Given data →
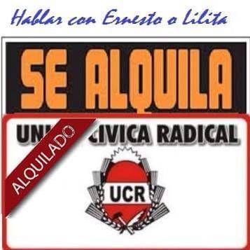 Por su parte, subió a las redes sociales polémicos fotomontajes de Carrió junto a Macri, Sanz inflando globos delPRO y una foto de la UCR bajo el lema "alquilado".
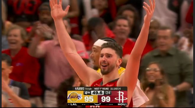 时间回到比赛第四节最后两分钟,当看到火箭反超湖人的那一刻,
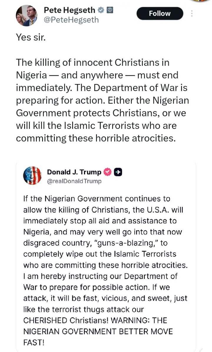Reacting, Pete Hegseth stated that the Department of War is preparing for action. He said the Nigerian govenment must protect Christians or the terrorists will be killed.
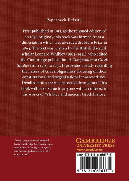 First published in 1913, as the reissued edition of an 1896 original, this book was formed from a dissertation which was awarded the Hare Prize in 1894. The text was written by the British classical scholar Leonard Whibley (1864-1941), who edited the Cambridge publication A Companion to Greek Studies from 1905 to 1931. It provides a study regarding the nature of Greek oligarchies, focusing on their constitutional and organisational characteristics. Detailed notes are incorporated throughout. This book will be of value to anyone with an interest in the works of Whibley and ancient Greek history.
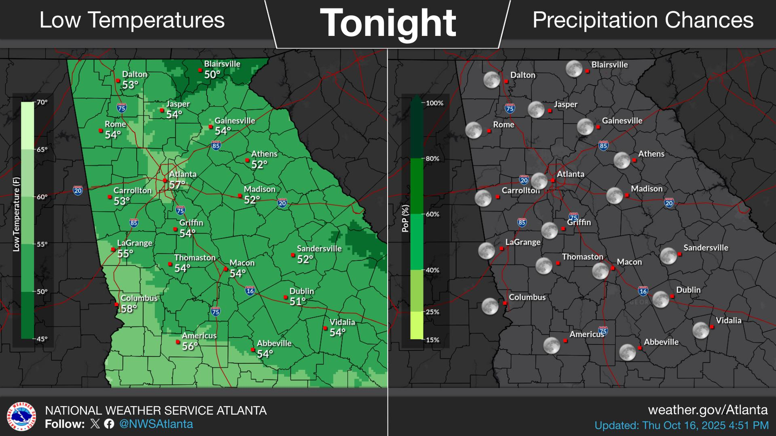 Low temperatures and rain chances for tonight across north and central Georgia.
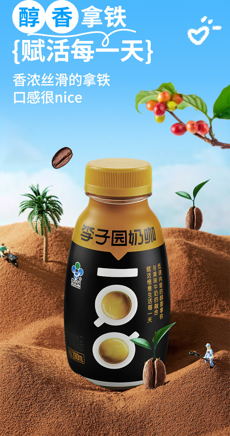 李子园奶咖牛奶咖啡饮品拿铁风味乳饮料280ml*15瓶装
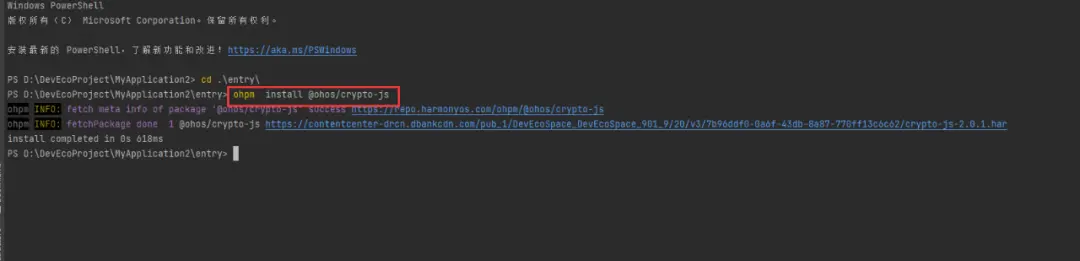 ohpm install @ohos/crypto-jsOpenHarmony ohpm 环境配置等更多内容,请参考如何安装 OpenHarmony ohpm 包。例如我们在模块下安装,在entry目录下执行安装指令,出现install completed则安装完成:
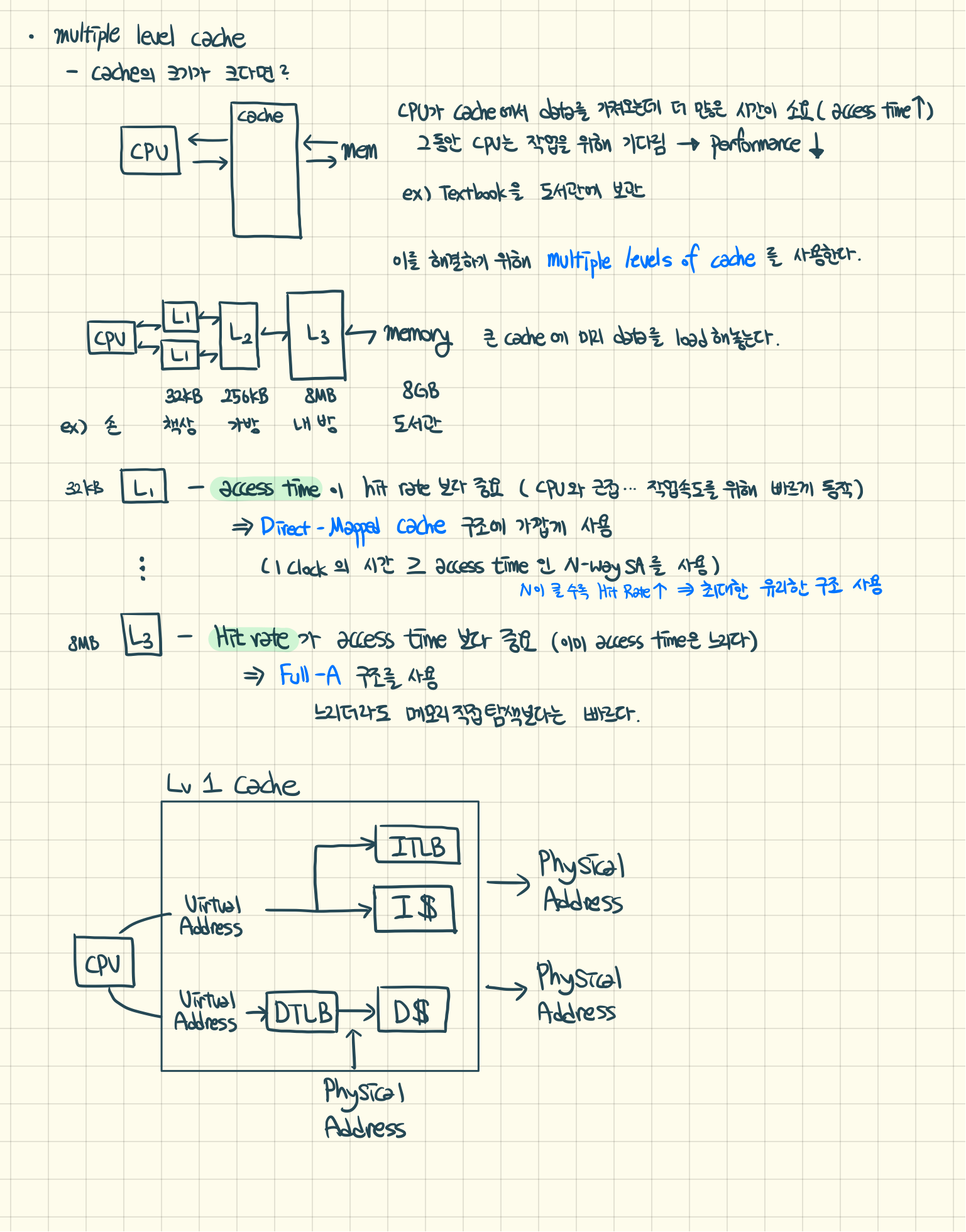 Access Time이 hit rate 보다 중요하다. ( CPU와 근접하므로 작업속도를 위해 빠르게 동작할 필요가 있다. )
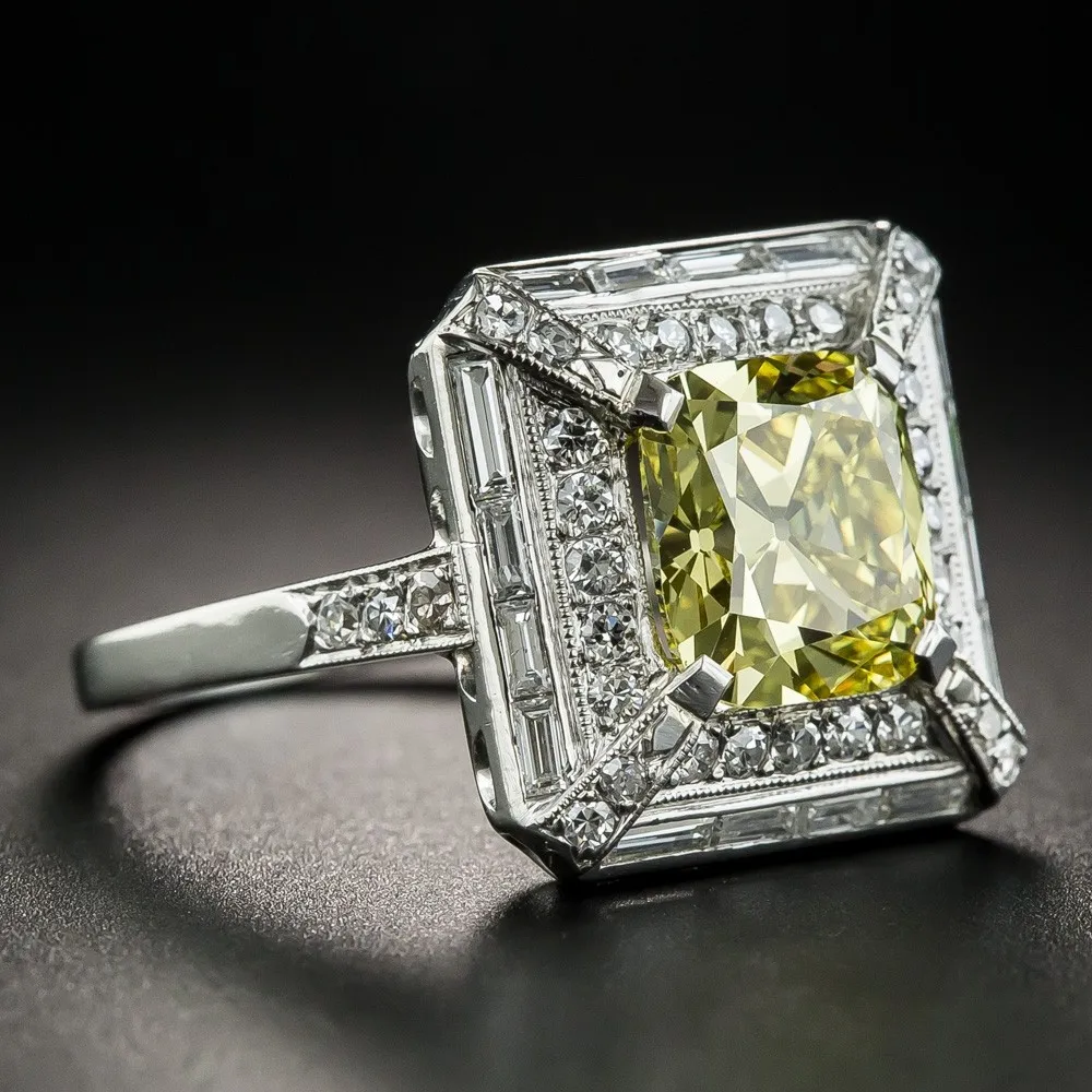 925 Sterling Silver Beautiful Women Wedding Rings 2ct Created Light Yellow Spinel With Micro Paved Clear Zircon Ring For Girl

Your goal → These entries are to be printed again word for word, except for the pictures.

Answer to this task →
 Por su parte, subió a las redes sociales polémicos fotomontajes de Carrió junto a Macri, Sanz inflando globos delPRO y una foto de la UCR bajo el lema "alquilado".
 时间回到比赛第四节最后两分钟,当看到火箭反超湖人的那一刻,
Reacting, Pete Hegseth stated that the Department of War is preparing for action. He said the Nigerian govenment must protect Christians or the terrorists will be killed.
 First published in 1913, as the reissued edition of an 1896 original, this book was formed from a dissertation which was awarded the Hare Prize in 1894. The text was written by the British classical scholar Leonard Whibley (1864-1941), who edited the Cambridge publication A Companion to Greek Studies from 1905 to 1931. It provides a study regarding the nature of Greek oligarchies, focusing on their constitutional and organisational characteristics. Detailed notes are incorporated throughout. This book will be of value to anyone with an interest in the works of Whibley and ancient Greek history.
 Low temperatures and rain chances for tonight across north and central Georgia.
 李子园奶咖牛奶咖啡饮品拿铁风味乳饮料280ml*15瓶装
 ohpm install @ohos/crypto-jsOpenHarmony ohpm 环境配置等更多内容,请参考如何安装 OpenHarmony ohpm 包。例如我们在模块下安装,在entry目录下执行安装指令,出现install completed则安装完成:
 Access Time이 hit rate 보다 중요하다. ( CPU와 근접하므로 작업속도를 위해 빠르게 동작할 필요가 있다. )
 925 Sterling Silver Beautiful Women Wedding Rings 2ct Created Light Yellow Spinel With Micro Paved Clear Zircon Ring For Girl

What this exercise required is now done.